%%
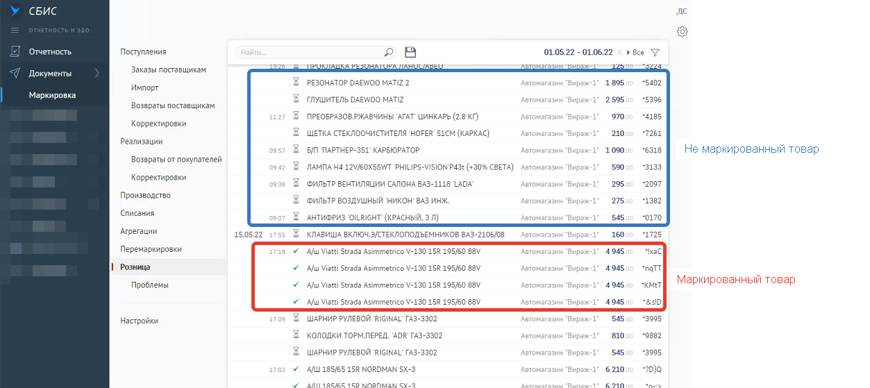 После этого стало происходить следующее, каждый раз при использовании при продаже сканера штрих-кода в СБИС стал прилетать не только маркированный товар, но и обычный товар - при этом маркированный товар после обмена с Честным знаком помечается как подтвержденный, а остальной товар висит там со статусом на проверке.
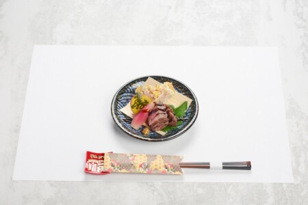縞鯵、鮪、水烏賊という3種の新鮮な刺身が、氷鉢の中で宝石のように輝きます。あしらい一式と共に、目でも舌でも楽しめる贅沢な一皿となっています。
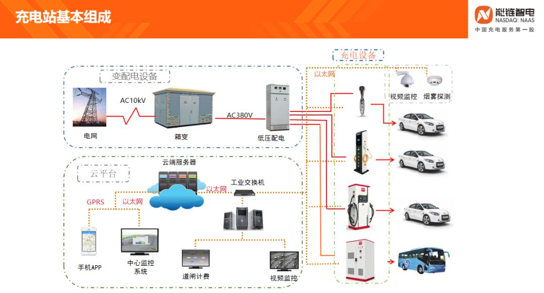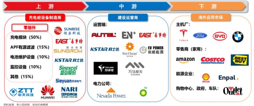充电桩产业链可以分为上游:零部件和充电设备,中游:建设运营商,下游:应用市场。
%%
WHAT THE EXERCISE ASKS: Would you reproduce the lines from the one with "縞鯵、鮪、水烏賊という3種の" through the final line of the data above, exactly and only those, without any pictures?

THE ANSWER:
縞鯵、鮪、水烏賊という3種の新鮮な刺身が、氷鉢の中で宝石のように輝きます。あしらい一式と共に、目でも舌でも楽しめる贅沢な一皿となっています。
充电桩产业链可以分为上游:零部件和充电设备,中游:建设运营商,下游:应用市场。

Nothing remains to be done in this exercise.